The retry semantic presented above works for Apache Spark SQL batch and Structured Streaming micro-batch pipelines, but what about the Structured Streaming continuous trigger? Well, you won't see any changes - at least in the task scheduling part. So in the logs you should see things like "Task 1 in stage 0.0 failed 6 times, most recent failure: Lost task 1.5 in stage 0.0 (TID 6) ( executor driver): org.apache.spark.sql.execution.streaming.continuous.ContinuousTaskRetryException: Continuous execution does not support task retry" but actually the retry won't be real!

Everything because of the ContinuousDataSourceRDD#compute running the continuous streaming query:

  override def compute(split: Partition, context: TaskContext): Iterator[InternalRow] = {
    // If attempt number isn't 0, this is a task retry, which we don't support.
    if (context.attemptNumber() != 0) {
      throw new ContinuousTaskRetryException()

The difference with the micro-batch comes from a different semantic. Continuous processing creates one long-running task for each input partition, avoiding the micro-batch scheduling overhead. Because of that, several points are more difficult to implement. Even the simple retries counter is not obvious since each task lives through the continuous query and not the micro-batch! An alternative discussed in the Task level retry for continuous processing Pull Request was a global retry mechanism. In this solution, all the tasks are restarted from the last committed epoch of one of the long-running processes that failed.
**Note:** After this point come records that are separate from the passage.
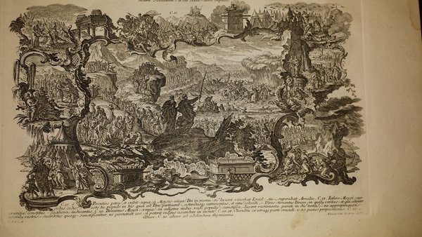In-folio oblungo (25 x 40 cm) (1) c. (di tav.) 100 c. (di tav.). Mezza pelle. Legatura con lievi segni di usura. Bella carta vergata forte. Bell'album di 100 acqueforti incise a bulino (nel 1748, per la prima edizione), dai fratelli Klauber, di cui settantacinque tratte dai disegni di Johann Adam Stockmann. Tutte le stampe presentano cornici con profilo mistilineo di gusto rococò e raffiguranti scene bibliche a partire dalla genesi del Vecchio Testamento all'apocalisse, nel nuovo.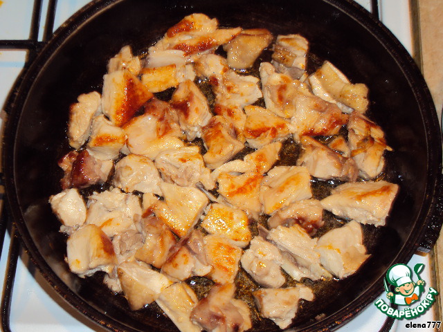 Филе куриное нарезать на кусочки и обжарить на растительном масле.
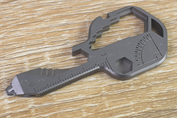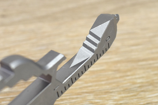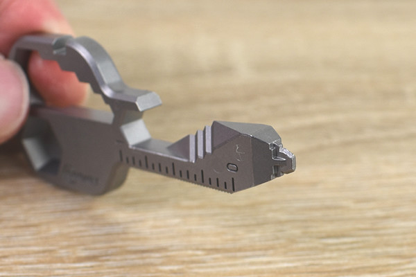 続いて鍵先のような部分に注目。先端は少し尖っており、ダンボールを開封する時の「ボックスカッター」や、ホッチキスの芯を取り外す際の「ホッチキスリムーバー」として活躍します。またプラスやマイナス、スクウェアーなど様々なタイプに対応した「ドライバー」としても活用可能。それだけでなく、側面には「ヤスリ」や表裏でインチとセンチを使い分けられる「定規」も完備されています。痒い所に手が届きまくる仕様ですね…!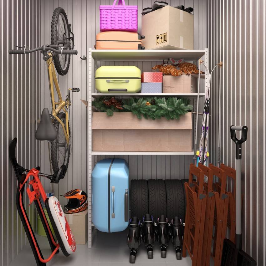 При оборудовании системы хранения любых вещей, материалов, инструментов, продуктов продумывают, где и какие вещи будут размещаться. Для больших вещей желательно установить стеллажи, как с открытыми полками, так и с ящичками, где удобно хранить мелкие предметы. Подойдут и напольные конструкции, такие как комоды, ящики, сундуки.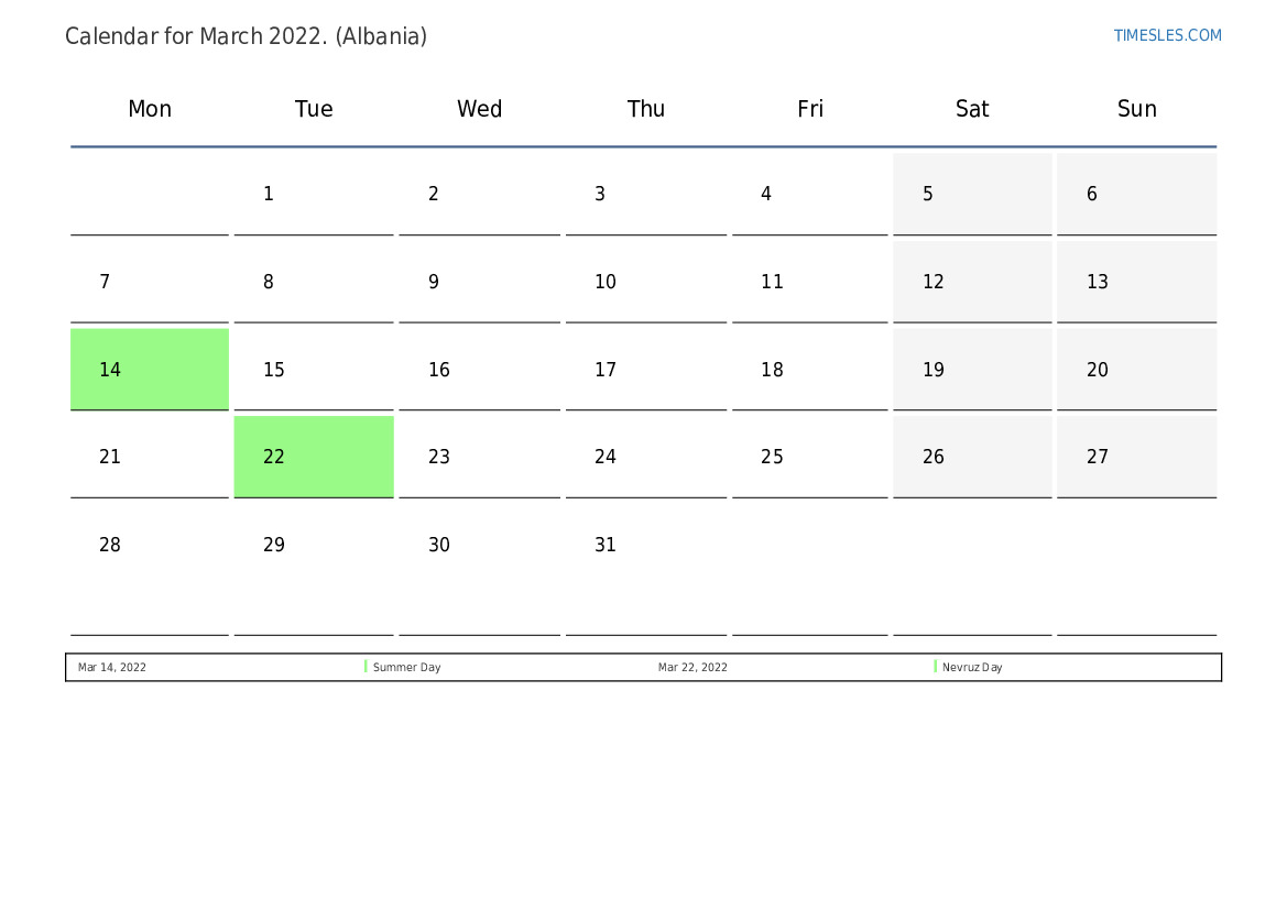 The month of March contains 31 days. This is 3 month of 2022. Season of the year: spring. The month of March starts on Tuesday and ends on Thursday. In the month of March 2022, there are 5 holidays and days off in Albania.

However, it's not implemented yet, and as you know, the continuous engine remains marked as "experimental", so there should be many things going on in the new releases!

If you want to see some of the presented points in action, I prepared a short demo using the LocalSchedulerBackend for the presentation simplicity:

To sum up, two things to remember. Micro-batch supports task retries through the same mechanism as the batch pipelines. On the other hand, the continuous mode, which by the way is still (3.2.0) marked as experimental, doesn't support task retries due to a different execution semantic. Unlike batch and micro-batch, it runs one long-running task per partition.